Julian was one cool kid. Born with a thick head of raven hair, he was handsome from the start. He easily stole hearts with his big brown eyes, long lashes, and a personality that can best be described as joyful. Sociable and easy with laughter, Julian was a precocious preschooler with an old soul who boasted a vocabulary that would leave people laughing in disbelief at the words came out of such a little man’s mouth.
At four, he could swim the back stroke, play the piano, command a dance floor and carry on long conversations about his favorite movies, books and superhero plots. He enjoyed soccer and baseball, books and music, and talked of starting a rock band after dance parties in the kitchen to favorite songs from The Beatles, The Foo Fighters and The Four Seasons.
His family was thunderstruck on Nov. 29, 2010 – the Monday after Thanksgiving Weekend – when, with no previous symptoms, Julian awoke disoriented, unable to finish sentences and started vomiting. After rushing him to the ER, doctors discovered a mass at the base of his brain which would later be diagnosed as an atypical brain stem glioma. Our lives went from bright and beautiful to sick with worry. Over the course of that holiday season, Julian endured four brain surgeries to alleviate symptoms, was air-lifted from Detroit to St. Jude Children’s Research Hospital in Memphis, underwent two more minor surgeries for cancer treatment and started emergency radiation therapy on December 23.
He completed radiation on the primary tumor in January 2011. During scans in February, doctors delivered another blow when they discovered that the disease had spread to other lesions in his brain and lower spine. Julian moved and inspired us as he learned to dig deep and find the courage to face countless doctors, nurses, pokes, exams and cancer treatment no 4-year-old should ever have to know. He amazed doctors with his endurance during his second round of radiation in March 2011 – an experimental dose on his spine that up until then was thought to be too much for a child. Julian rebounded well and returned home to Michigan where he would start chemotherapy at the University of Michigan Mott Children’s Hospital.

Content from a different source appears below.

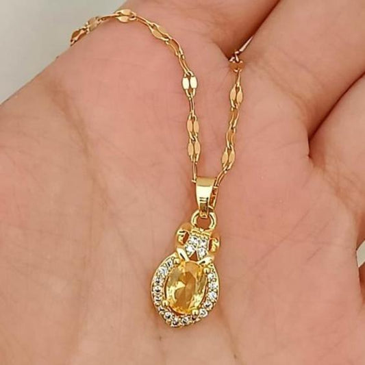 2.77Ct Yellow Oval Cut Solitaire With Halo Pendant | Engagement Gift Pendant For Fiancée | Birthstone Pendant For Women | Thank You Gift Pendant | Timeless Design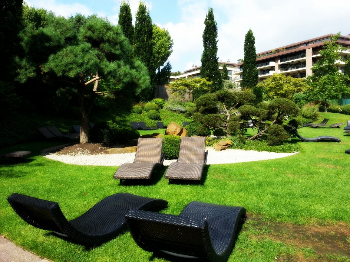 Il y a également un espace repos, où des couvertures et des magazines vous sont proposés, et une grande terrasse extérieure avec vue sur les cours de tennis. Ce qui est vraiment bien à l’Aspria, c’est que toutes les structures sont très propres, tout est très bien entretenu.

In early June, Julian summoned the strength to fight Darth Vader during his Star Wars Disney vacation coordinated by The Make-A-Wish Foundation. On June 17, we celebrated his 5th birthday with nearly 75 friends and family. But only 10 days later, our worst fears were confirmed that his declining condition was indeed caused by a relentless return/spread of an extremely aggressive disease. Doctors at St. Jude broke the news that we had very little time left with our sweet boy. Home, surrounded with loved ones with the heaviest of hearts, we had to say good-bye only five days later. It was July 3, 2011, only seven months after we first heard the word “glioma.”
The courage Julian mustered during those seven months inspires us everyday and now lives on through The Julian Boivin Courage for Cures Foundation.